In the CARE1 Part B study, 57 of 61 patients (93.4%) in the 20 mg/kg/day cannabidiol group and 44 of 59 patients (74.6%) in the placebo group reported 1 or more AEs. In the CARE2 study, 56 of 64 patients (87.5%) in the 10 mg/kg/day cannabidiol group, 62 of 69 patients (89.9%) in the 20 mg/kg/day cannabidiol group, and 58 of 65 patients (89.2%) in the placebo group reported 1 or more AEs. The most common AEs reported in both studies (> 10% of patients in any treatment group) were somnolence, diarrhea, and decreased appetite.

Serious Adverse Events

The most commonly reported serious AEs (SAEs) in both trials were nervous system disorders. All SAEs were resolved in the CARE1 Part B study, while 3 patients in the 20 mg/kg/day cannabidiol group in the CARE2 study collectively had 3 SAEs that were not resolved at the end of the trial.

In the CARE1 Part B study, 10 of 61 patients (16.4%) in the 20 mg/kg/day cannabidiol group and 3 of 59 patients (5.1%) in the placebo group reported 1 or more SAEs. In the CARE2 study, 13 of 64 patients (20.3%) in the 10 mg/kg/day cannabidiol group, 17 of 69 patients (24.6%) in the 20 mg/kg/day cannabidiol group, and 10 of 65 patients (15.4%) in the placebo group reported 1 or more SAEs. The most common SAEs reported in more than 2% of patients in both studies were status epilepticus, somnolence, and convulsion. Pneumonia was also a common SAE reported in the CARE2 study.

Withdrawals Due to Adverse Events

In the CARE1 Part B study, AEs that led to treatment discontinuation occurred in 9 of 61 patients (14.8%) in the 20 mg/kg/day cannabidiol group and in 1 of 59 patients (1.7%) in the placebo group.
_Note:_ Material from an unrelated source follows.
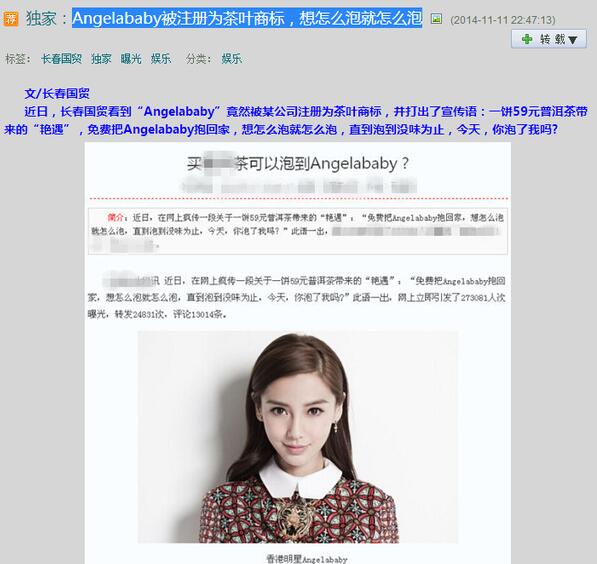 2014年11月11日,也就是光棍节的晚上,知名博客“长春国贸”披露:近日,长春国贸看到“Angelababy”竟然被某公司注册为茶叶商标,并打出了宣传语:一饼59元普洱茶带来的“艳遇”,免费把Angelababy抱回家,想怎么泡就怎么泡,直到泡到没味为止,今天,你泡了我吗?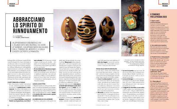 • I soggetti in cioccolato ( e non solo ): conigli e galline sono entrati prepotentemente in gioco . Vengono dalla tradizione nordeuropea , ma sono divertenti e appunto “ nuove ”. E , importantissimo , sono declinabili in dimensioni e forme . Dal cioccolatino a forma di coniglio al coniglio gigante , ma anche lievitato , chiudendo un cerchio iconografico che contraddistingue tutta la Pasqua .

In the CARE2 study, 5 of 69 patients (7.2%) in the 20 mg/kg/day cannabidiol group experienced AEs leading to discontinuation from the study. No patients in the 10 mg/kg/day cannabidiol group or placebo groups discontinued treatment due to AEs.

Mortality

No patient deaths occurred during either study.

Notable Harms

Notable harms (AEs of special interest) were not specified in either the CARE1 Part B or CARE2 studies. However, the clinical experts consulted by CADTH suggested the occurrence of somnolence, hypotonia, lethargy, mood disorder, and increased liver enzymes as harms to explore more closely. Of these, only the total number of investigations related to liver function were increased in the 20 mg/kg/day arm of both studies (Table 16).

Table 16: Summary of Harms Results From the CARE1 Part B and CARE2 Studies (Safety Analysis Set)

AE = adverse event, IVRS = interactive voice response system, NR = not reported, SAE = serious adverse event.

^aThe most common AEs included those reported in ≥ 10% of patients from the CARE1 Part B or CARE2 studies.

^bIncidence of status epilepticus reported as an AE by the investigator may differ from the number of events of status epilepticus reported by patient caregivers using the IVRS.

^cThose reported in ≥ 2% of patients in any group in any trial.

Sources: CARE1³⁸ and CARE2³⁹ Clinical Study Reports.

Critical Appraisal

Internal Validity

Both the CARE1 Part B and CARE2 studies are RCTs investigating the efficacy of cannabidiol compared with placebo. They both involved a randomization process that was properly implemented, ensuring an overall balanced distribution of participants to either the cannabidiol or placebo arms, reassured by the balanced distribution of the baseline characteristics among participants in the studies. There were some observed baseline imbalances in both studies. However, these were judged to have a low risk of introducing bias or to have suggested problems in the randomization process. The randomization lists from both studies were also properly generated and the allocation was successfully concealed from investigators and patients. The HRQoL assessment applied only to patients aged 4 years or older; however, since the randomization was stratified by age group, prognostic balance was likely to have been maintained for this subpopulation.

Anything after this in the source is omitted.